REQUIRED ACTION —
An exact copy of all the data, minus the images, is required.

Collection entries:
^^^^
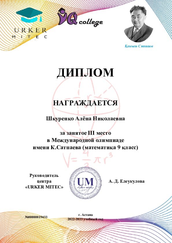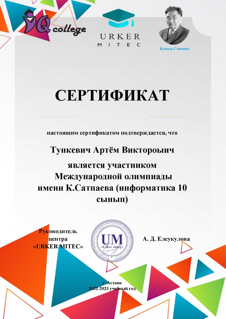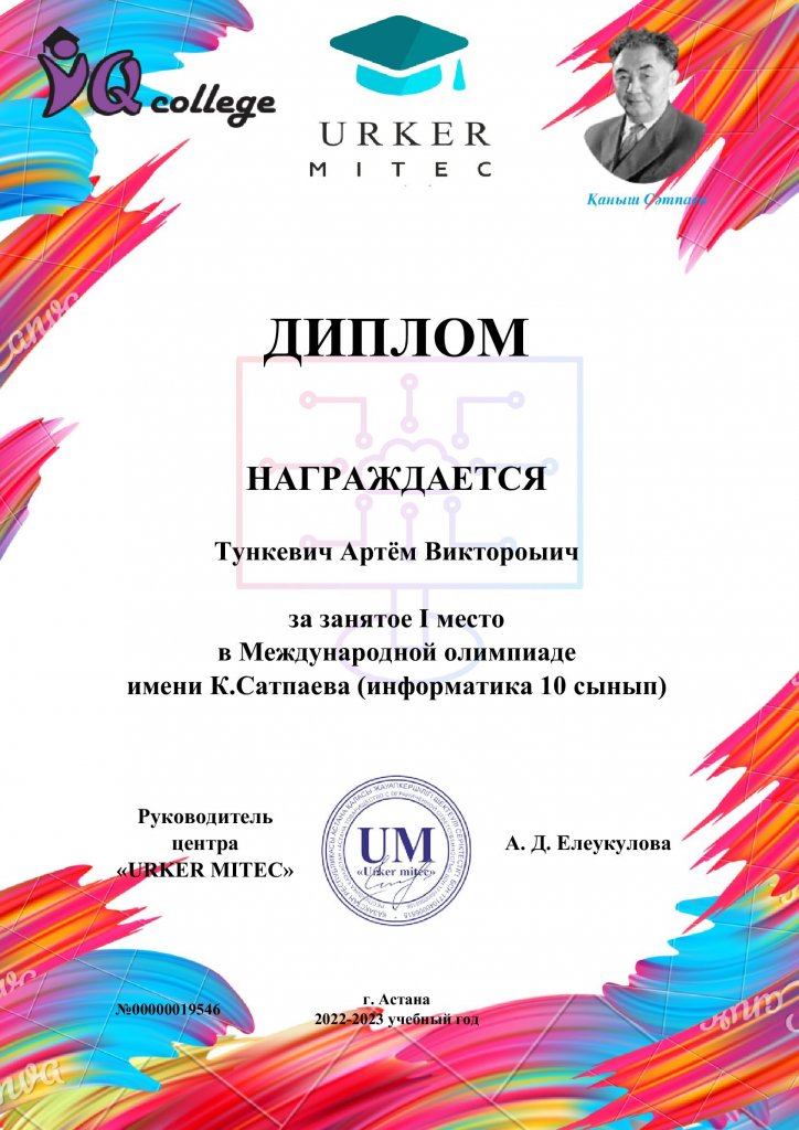 C 2023 жылғы 09 қаңтардан бастап 27 қаңтарға дейін www ресми сайтында жоғары деңгейдегі олимпиадаларға қатысу үшін жоғары мектеп оқушыларының Олимпиадалық резервін қалыптастыру және одан әрі даярлау мақсатында.iqco онлайн форматта жаратылыстану-математикалық бағыт бойынша (математика, физика, химия, биология, информатика) 9-11 сынып оқушылары үшін Қ.Сәтбаев атындағы Халықаралық кешенді Олимпиада өткізілді. Біздің мектептің оқушылары математика және информатика пәндерінен қатысты. Доценко Анель, Шкуренко Алена және Тункевич Артем қатысушылардың сертификатына ие болды. Математикадан 3 орын алғаны үшін Шуренко Алинаны, информатикадан бірінші орын алғаны үшін Тункевич Артемді құттықтаймыз!
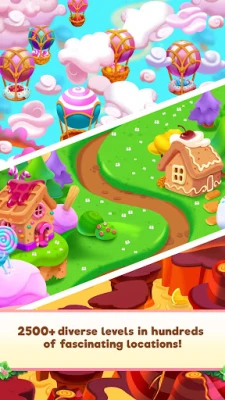 Meet with the Candyland inhabitants and travel together. Soda, Chocolate, Ice Cream, Jelly, and more cute friends are waiting for you. Match and swap your own sweet road through the Ice Cream Forest and Candy Valley! These are all home scapes for many desserts!
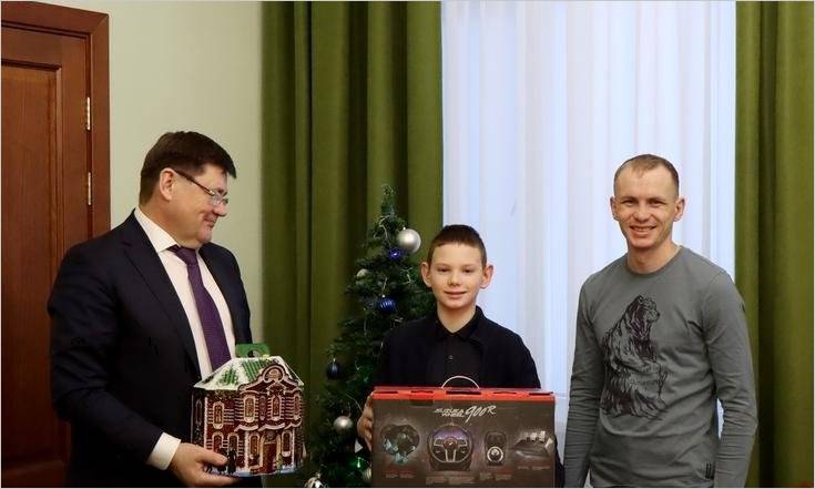 Шарик с желанием 12-летнего Артёма из Новосибирска полномочный представитель снял с ёлки в Кремле перед заседанием Государственного Совета. Артём – жизнерадостный и общительный парень. Год назад начал заниматься кикбоксингом и уже достиг хороших результатов, став призёром нескольких соревнований. Ещё одно увлечение мальчика – автомобили, ему с детства интересно как они устроены. Полпред исполнил загаданное Артёмом желание – мальчик получил современный игровой руль для компьютера и теперь он сможет учиться водить машину, хотя пока и в виртуальном мире.
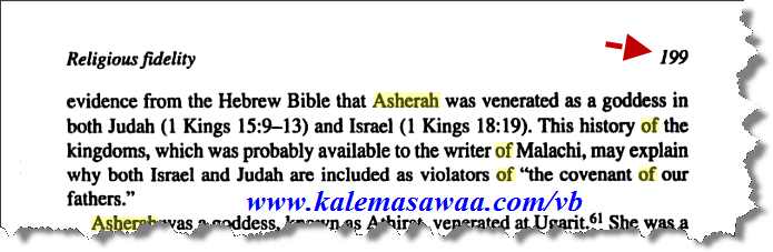 عُدنا ولله الحمدُ ، و سنواصل بإذنه تعالى قصف شبهة المُنصّر ،، نقرأ في كتاب : Zechariah 9-14 and Malachi: A Commentary تفسير زكرياء 9 - 14 و ملاخي ، ![]() الكاتب : David L. Petersen الصفحة رقم : 199 الرابط : http://books.google.it/books?id=2Kvk...yahweh&f=false ![]() الدليل من التوراة على أنّ أشيرا عُبدت كإلهة في كل من يهوذا و إسرائيل ، قصة هذه الممالك التي كانت - من المحتمل - متاحة لكاتب ملاخي تفسر لمَ تمّ إدراج يهوذا و إسرائيل على حدّ سواء كمخالفين لعهد الآباء . !!!!!!!!!!!!!!!!!!!!!!!!! ملوك 1 -15: 9- 13 وَفِي السَّنَةِ الْعِشْرِينَ لِيَرُبْعَامَ مَلِكِ إِسْرَائِيلَ، مَلَكَ آسَا عَلَى يَهُوذَا. مَلَكَ إِحْدَى وَأَرْبَعِينَ سَنَةً فِي أُورُشَلِيمَ، وَاسْمُ أُمِّهِ مَعْكَةُ ابْنَةُ أَبْشَالُومَ ، وَعَمِلَ آسَا مَا هُوَ مُسْتَقِيمٌ فِي عَيْنَيِ الرَّبِّ كَدَاوُدَ أَبِيهِ، وَأَزَالَ الْمَأْبُونِينَ مِنَ الأَرْضِ، وَنَزَعَ جَمِيعَ الأَصْنَامِ الَّتِي عَمِلَهَا آبَاؤُهُ، حَتَّى إِنَّ مَعْكَةَ أُمَّهُ خَلَعَهَا مِنْ أَنْ تَكُونَ مَلِكَةً، لأَنَّهَا عَمِلَتْ تِمْثَالاً لِسَارِيَةٍ، وَقَطَعَ آسَا تِمْثَالَهَا وَأَحْرَقَهُ فِي وَادِي قَدْرُونَ. ملحوظة : السارية هي أشيرا التي أشرنا إليها سابقا . ملوك 1 - 18 : 19 فَالآنَ أَرْسِلْ وَاجْمَعْ إِلَيَّ كُلَّ إِسْرَائِيلَ إِلَى جَبَلِ الْكَرْمَلِ، وَأَنْبِيَاءَ الْبَعْلِ أَرْبَعَ الْمِئَةِ وَالْخَمْسِينَ، وَأَنْبِيَاءَ السَّوَارِي أَرْبَعَ الْمِئَةِ الَّذِينَ يَأْكُلُونَ عَلَى مَائِدَةِ إِيزَابَلَ». ملحوظة : بعل BAAL ( و معناها السيد ) هو معبود الكنعانيين ، عبده العبرانيون فيما بعد على أنه هو نفسه يهوه / EL ![]() أشيرا كانت إلهة ، عُرفت بإسم أثيرا ، عُبدت بمنطقة أوغاريت ( بدولة سورية الحالية ) ، أعتبرت بمثابة الزوجة للربّ EL ، هي ( أشيرا ) أمّ السبعين إبنا ، أشيرا عُبدت كإلهة خلال الألفية الأولى و هي الآن تشكل جزءا من ديانة يهوه ، يُتبع بإذنه تعالى ....
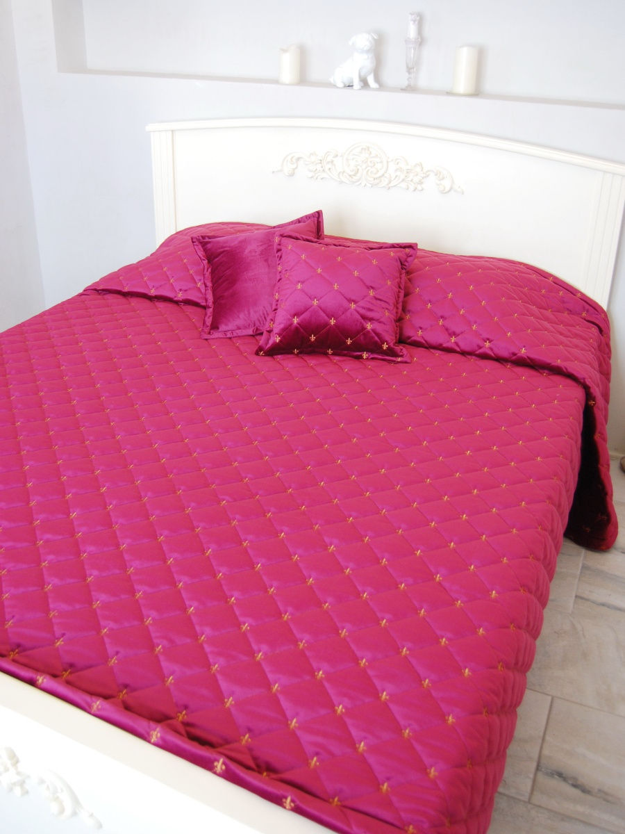 Покрывало бархат-велюр простёгано рисунком \"Французская лилия\" с декоративной вышивкой. Подкладочная ткань - 100% полиэстер.В комплект входят две подушки размером 45х45 см из того же велюра. Наполнитель подушек: упругое полиэфирное волокно. Покрывала, подушки из велюра подлежат ручной и машинной стирке температурой до 40С. Отжим умеренный деликатный, ручной отжим без выкручивания. Сушить на горизонтальной поверхности при комнатной температуре. Глажка только с лицевой стороны температурой до 60С по ворсу, строго в одну сторону, заглаживая неровности ворса. Состав: полиэстер 100%
^^^^
RESULT OF THIS TASK —
 C 2023 жылғы 09 қаңтардан бастап 27 қаңтарға дейін www ресми сайтында жоғары деңгейдегі олимпиадаларға қатысу үшін жоғары мектеп оқушыларының Олимпиадалық резервін қалыптастыру және одан әрі даярлау мақсатында.iqco онлайн форматта жаратылыстану-математикалық бағыт бойынша (математика, физика, химия, биология, информатика) 9-11 сынып оқушылары үшін Қ.Сәтбаев атындағы Халықаралық кешенді Олимпиада өткізілді. Біздің мектептің оқушылары математика және информатика пәндерінен қатысты. Доценко Анель, Шкуренко Алена және Тункевич Артем қатысушылардың сертификатына ие болды. Математикадан 3 орын алғаны үшін Шуренко Алинаны, информатикадан бірінші орын алғаны үшін Тункевич Артемді құттықтаймыз!
 Meet with the Candyland inhabitants and travel together. Soda, Chocolate, Ice Cream, Jelly, and more cute friends are waiting for you. Match and swap your own sweet road through the Ice Cream Forest and Candy Valley! These are all home scapes for many desserts!
 Шарик с желанием 12-летнего Артёма из Новосибирска полномочный представитель снял с ёлки в Кремле перед заседанием Государственного Совета. Артём – жизнерадостный и общительный парень. Год назад начал заниматься кикбоксингом и уже достиг хороших результатов, став призёром нескольких соревнований. Ещё одно увлечение мальчика – автомобили, ему с детства интересно как они устроены. Полпред исполнил загаданное Артёмом желание – мальчик получил современный игровой руль для компьютера и теперь он сможет учиться водить машину, хотя пока и в виртуальном мире.
 عُدنا ولله الحمدُ ، و سنواصل بإذنه تعالى قصف شبهة المُنصّر ،، نقرأ في كتاب : Zechariah 9-14 and Malachi: A Commentary تفسير زكرياء 9 - 14 و ملاخي ، ![]() الكاتب : David L. Petersen الصفحة رقم : 199 الرابط : http://books.google.it/books?id=2Kvk...yahweh&f=false ![]() الدليل من التوراة على أنّ أشيرا عُبدت كإلهة في كل من يهوذا و إسرائيل ، قصة هذه الممالك التي كانت - من المحتمل - متاحة لكاتب ملاخي تفسر لمَ تمّ إدراج يهوذا و إسرائيل على حدّ سواء كمخالفين لعهد الآباء . !!!!!!!!!!!!!!!!!!!!!!!!! ملوك 1 -15: 9- 13 وَفِي السَّنَةِ الْعِشْرِينَ لِيَرُبْعَامَ مَلِكِ إِسْرَائِيلَ، مَلَكَ آسَا عَلَى يَهُوذَا. مَلَكَ إِحْدَى وَأَرْبَعِينَ سَنَةً فِي أُورُشَلِيمَ، وَاسْمُ أُمِّهِ مَعْكَةُ ابْنَةُ أَبْشَالُومَ ، وَعَمِلَ آسَا مَا هُوَ مُسْتَقِيمٌ فِي عَيْنَيِ الرَّبِّ كَدَاوُدَ أَبِيهِ، وَأَزَالَ الْمَأْبُونِينَ مِنَ الأَرْضِ، وَنَزَعَ جَمِيعَ الأَصْنَامِ الَّتِي عَمِلَهَا آبَاؤُهُ، حَتَّى إِنَّ مَعْكَةَ أُمَّهُ خَلَعَهَا مِنْ أَنْ تَكُونَ مَلِكَةً، لأَنَّهَا عَمِلَتْ تِمْثَالاً لِسَارِيَةٍ، وَقَطَعَ آسَا تِمْثَالَهَا وَأَحْرَقَهُ فِي وَادِي قَدْرُونَ. ملحوظة : السارية هي أشيرا التي أشرنا إليها سابقا . ملوك 1 - 18 : 19 فَالآنَ أَرْسِلْ وَاجْمَعْ إِلَيَّ كُلَّ إِسْرَائِيلَ إِلَى جَبَلِ الْكَرْمَلِ، وَأَنْبِيَاءَ الْبَعْلِ أَرْبَعَ الْمِئَةِ وَالْخَمْسِينَ، وَأَنْبِيَاءَ السَّوَارِي أَرْبَعَ الْمِئَةِ الَّذِينَ يَأْكُلُونَ عَلَى مَائِدَةِ إِيزَابَلَ». ملحوظة : بعل BAAL ( و معناها السيد ) هو معبود الكنعانيين ، عبده العبرانيون فيما بعد على أنه هو نفسه يهوه / EL ![]() أشيرا كانت إلهة ، عُرفت بإسم أثيرا ، عُبدت بمنطقة أوغاريت ( بدولة سورية الحالية ) ، أعتبرت بمثابة الزوجة للربّ EL ، هي ( أشيرا ) أمّ السبعين إبنا ، أشيرا عُبدت كإلهة خلال الألفية الأولى و هي الآن تشكل جزءا من ديانة يهوه ، يُتبع بإذنه تعالى ....
 Покрывало бархат-велюр простёгано рисунком \"Французская лилия\" с декоративной вышивкой. Подкладочная ткань - 100% полиэстер.В комплект входят две подушки размером 45х45 см из того же велюра. Наполнитель подушек: упругое полиэфирное волокно. Покрывала, подушки из велюра подлежат ручной и машинной стирке температурой до 40С. Отжим умеренный деликатный, ручной отжим без выкручивания. Сушить на горизонтальной поверхности при комнатной температуре. Глажка только с лицевой стороны температурой до 60С по ворсу, строго в одну сторону, заглаживая неровности ворса. Состав: полиэстер 100%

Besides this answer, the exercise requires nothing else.